**What is needed**
Start to finish, print the data below exactly, without the images.

**Provided data**
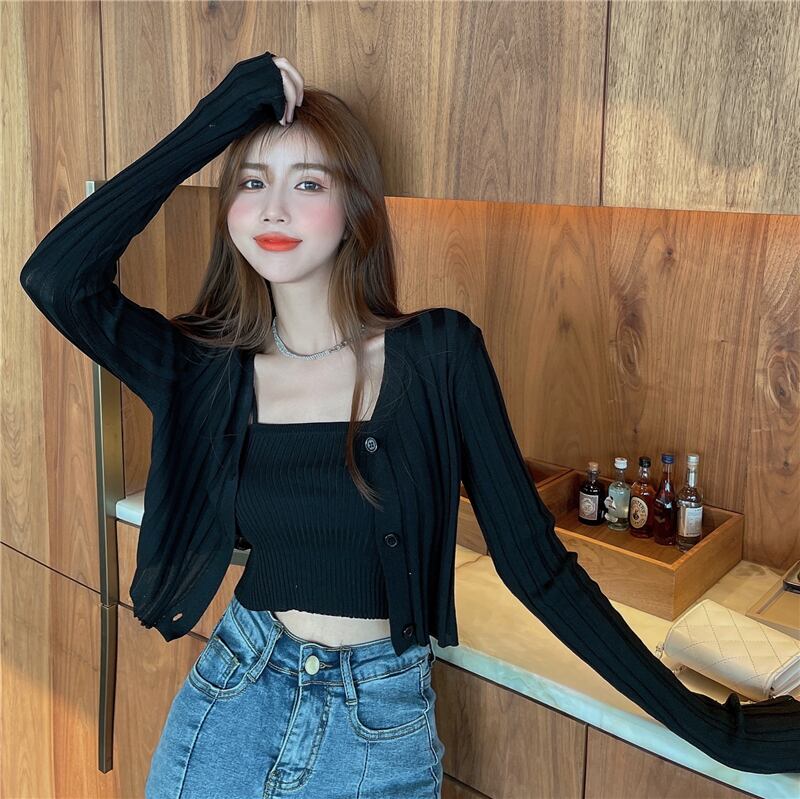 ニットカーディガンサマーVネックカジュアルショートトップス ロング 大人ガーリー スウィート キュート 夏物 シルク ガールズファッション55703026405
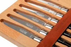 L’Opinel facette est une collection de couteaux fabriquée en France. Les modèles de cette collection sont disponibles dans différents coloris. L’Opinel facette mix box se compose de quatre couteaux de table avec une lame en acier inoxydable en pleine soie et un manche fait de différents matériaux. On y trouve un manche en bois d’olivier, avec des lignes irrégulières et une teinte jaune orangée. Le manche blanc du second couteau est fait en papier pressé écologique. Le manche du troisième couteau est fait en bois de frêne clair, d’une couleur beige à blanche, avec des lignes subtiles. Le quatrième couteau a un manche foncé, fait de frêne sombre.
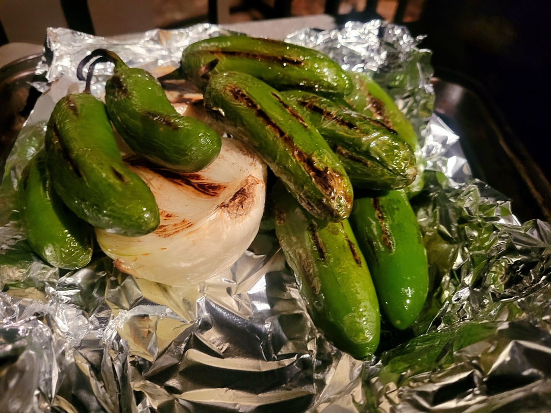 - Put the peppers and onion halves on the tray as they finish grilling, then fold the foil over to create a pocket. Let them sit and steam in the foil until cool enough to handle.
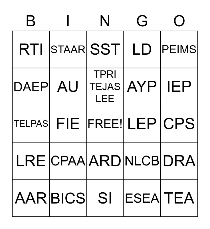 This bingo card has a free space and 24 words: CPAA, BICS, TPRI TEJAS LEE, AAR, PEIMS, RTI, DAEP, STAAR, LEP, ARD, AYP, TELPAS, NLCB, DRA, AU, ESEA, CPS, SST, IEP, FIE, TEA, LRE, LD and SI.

**Answer for the task**
 ニットカーディガンサマーVネックカジュアルショートトップス ロング 大人ガーリー スウィート キュート 夏物 シルク ガールズファッション55703026405
 L’Opinel facette est une collection de couteaux fabriquée en France. Les modèles de cette collection sont disponibles dans différents coloris. L’Opinel facette mix box se compose de quatre couteaux de table avec une lame en acier inoxydable en pleine soie et un manche fait de différents matériaux. On y trouve un manche en bois d’olivier, avec des lignes irrégulières et une teinte jaune orangée. Le manche blanc du second couteau est fait en papier pressé écologique. Le manche du troisième couteau est fait en bois de frêne clair, d’une couleur beige à blanche, avec des lignes subtiles. Le quatrième couteau a un manche foncé, fait de frêne sombre.
 - Put the peppers and onion halves on the tray as they finish grilling, then fold the foil over to create a pocket. Let them sit and steam in the foil until cool enough to handle.
 This bingo card has a free space and 24 words: CPAA, BICS, TPRI TEJAS LEE, AAR, PEIMS, RTI, DAEP, STAAR, LEP, ARD, AYP, TELPAS, NLCB, DRA, AU, ESEA, CPS, SST, IEP, FIE, TEA, LRE, LD and SI.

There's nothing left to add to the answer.